Even the Department of the Environment, Transport and the Regions (DETR) has realized that the rolling revision of most of the Building Regulations Approved Documents (Parts A, B, E, F, H, J, L and M are all up for grabs) has been a source of concern for the building industry; specifiers, suppliers and contractors alike.

Everybody knows that something is afoot, but nobody has been willing or able to commit to anything definitive until the ubiquitous consultation and appraisal processes have ended.

For Part L, 'Conservation of Fuel and Power', that time is now (though minister for housing, planning and construction Nick Raynsford warns that the draft 'cannot be finalized' until responses to the current consultation on Part E, Resistance to the passage of sound have been received).

Remarkably (or should that be unsurprisingly) there were only 370 responses to the consultation. To allay the fears that the industry is unprepared for massively changed legislation, the DETR has decided to issue a 'draft interim' document.

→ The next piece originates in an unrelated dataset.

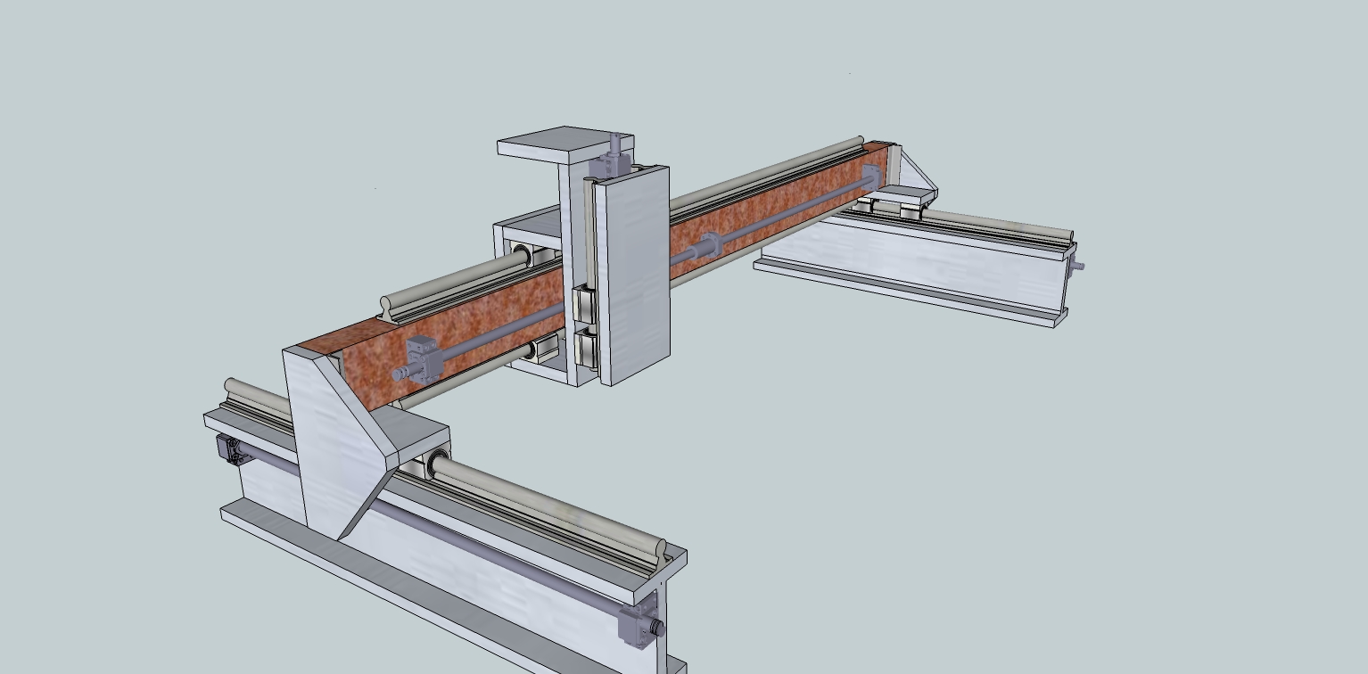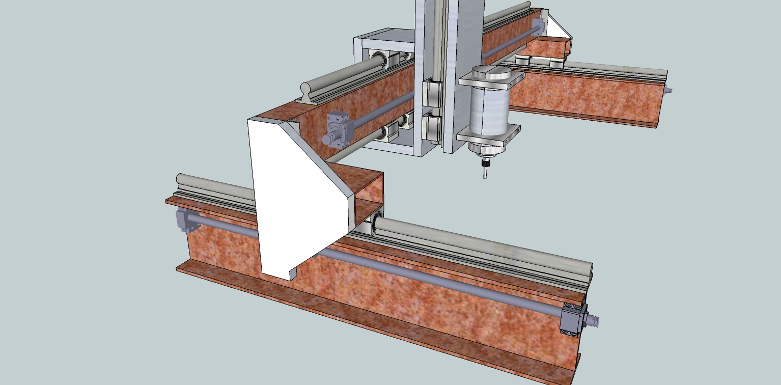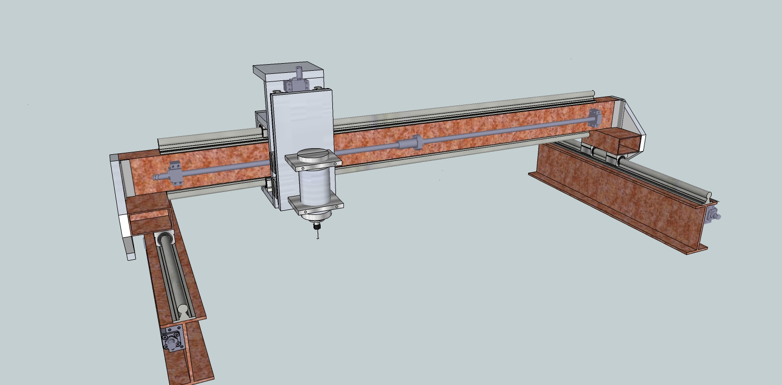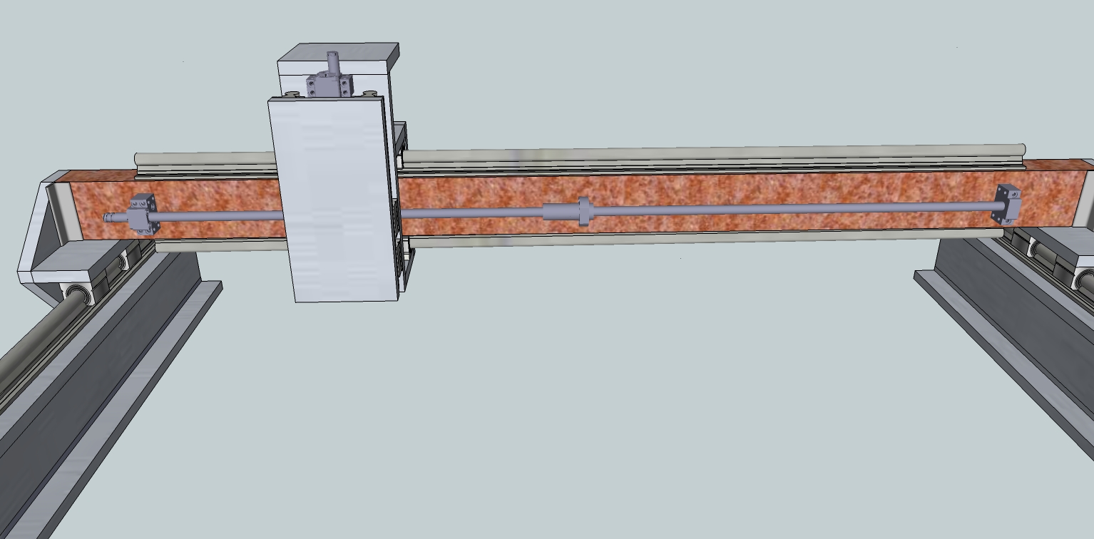 Would this design be ok, i thought i would use some 100x60 box section as bearing plates. I would have some left over from the gantry and it saves on the Ali plate. The extra height would help with the bed, bit more room to play with. This box section is only 3mm thick, is that ok. I have used 300mm, 2 x 800mm and 1400 SBR20mm rails. The ball screws are 350mm, 2 x 800mm and a 1450mm length.

When questioned by the AJ, a spokesman from the DETR said that there were no plans for the department to provide any guidance, training, seminars or conferences on the subject, adding 'that will have to be done by the industry itself '. This may be an attempt to provide an opportunity for self-improvement through CPD, and a financial boost for 'training consultants', but it has the potential to create some misunderstanding.

The DETR has sent out guidance but, in typically unhelpful fashion, this lists the variations to the consultation document, not variations to the current Part L. In order to fathom out the changes, one has to read the consultation document, cross reference these proposals with the amendments to the consultation, and then compare and contrast with the original (current) Approved Document. This article looks at the requirements for air tightness and reduced thermal bridging specifically, although other key changes are shown in the box article (opposite page).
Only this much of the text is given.